» **Exercise**
This exercise calls for the whole listing to be given again exactly, without images.

» **Provided data**
--
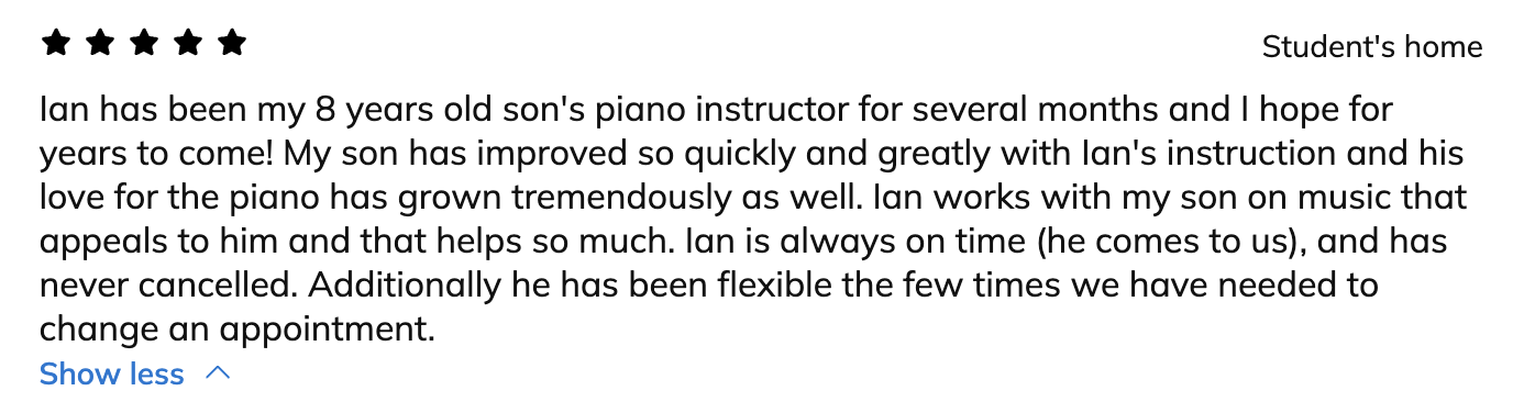 Ian brings extensive experience and passion for music education to his students. With over 15 years of teaching private piano and guitar lessons both in-person and online, he has nurtured the musical talents of countless students, instilling in them a love for music that lasts a lifetime.
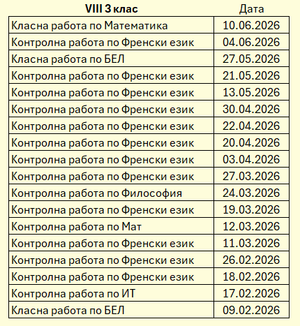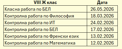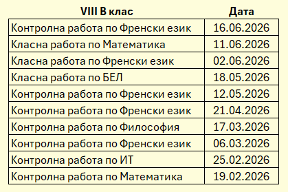 ·         График за класните и контролни работи за VIII В клас
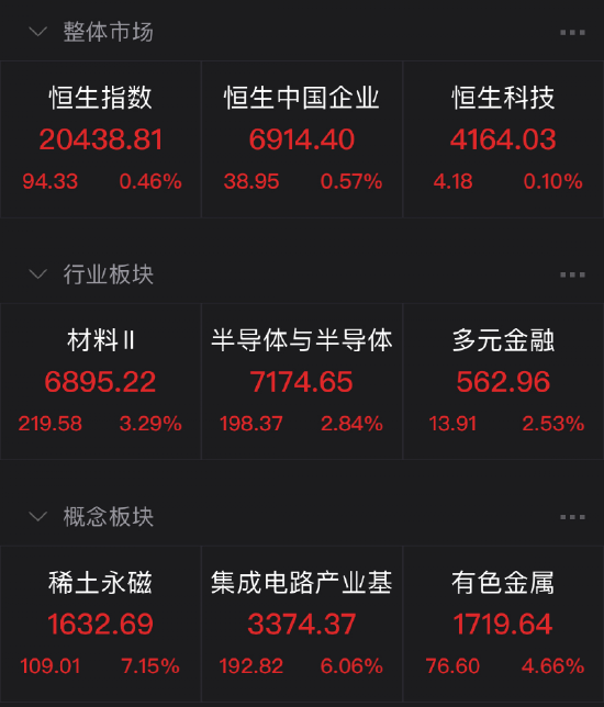 据Wind分类,概念板块方面稀土永磁、集成电路产业基金、有色金属概念涨幅居前。芯片股中芯国际涨潮7%,为升幅最大蓝筹。华虹半导体涨3%。其他科技股方面,阿里巴巴及腾讯各涨0.4%及0.5%。 金属资源股受追捧。五矿资源大涨26.6%,中铝及中国宏桥分别涨6.5%及5.9%。锂业股赣锋锂业及天齐锂业分别涨8.4%及8%。
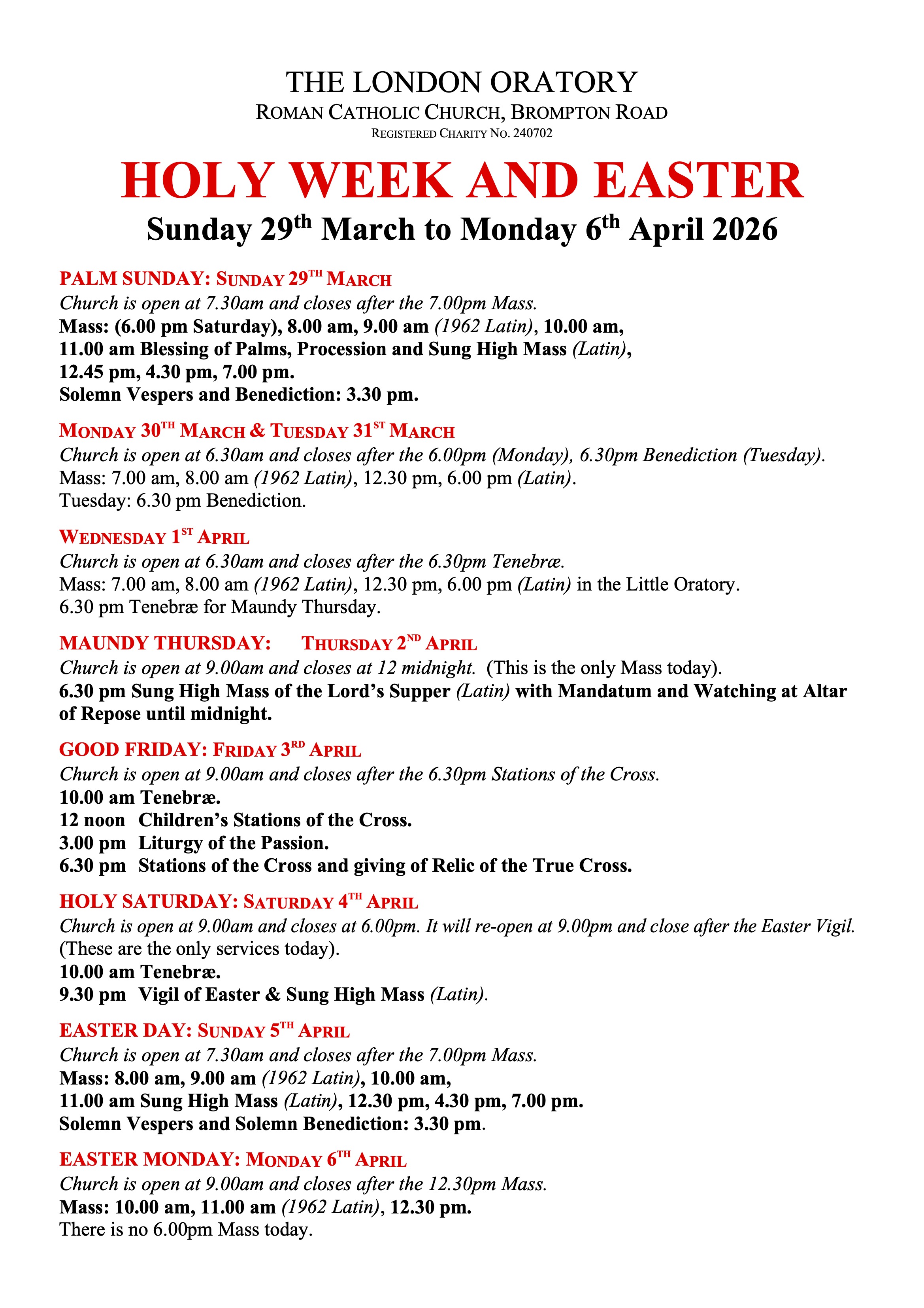 Here you find regularly updated information about Holy Days of Obligation and other feast daysduring the liturgical year, as well as special events at the Oratory
--
» **Task output**
 Ian brings extensive experience and passion for music education to his students. With over 15 years of teaching private piano and guitar lessons both in-person and online, he has nurtured the musical talents of countless students, instilling in them a love for music that lasts a lifetime.
 ·         График за класните и контролни работи за VIII В клас
 据Wind分类,概念板块方面稀土永磁、集成电路产业基金、有色金属概念涨幅居前。芯片股中芯国际涨潮7%,为升幅最大蓝筹。华虹半导体涨3%。其他科技股方面,阿里巴巴及腾讯各涨0.4%及0.5%。 金属资源股受追捧。五矿资源大涨26.6%,中铝及中国宏桥分别涨6.5%及5.9%。锂业股赣锋锂业及天齐锂业分别涨8.4%及8%。
 Here you find regularly updated information about Holy Days of Obligation and other feast daysduring the liturgical year, as well as special events at the Oratory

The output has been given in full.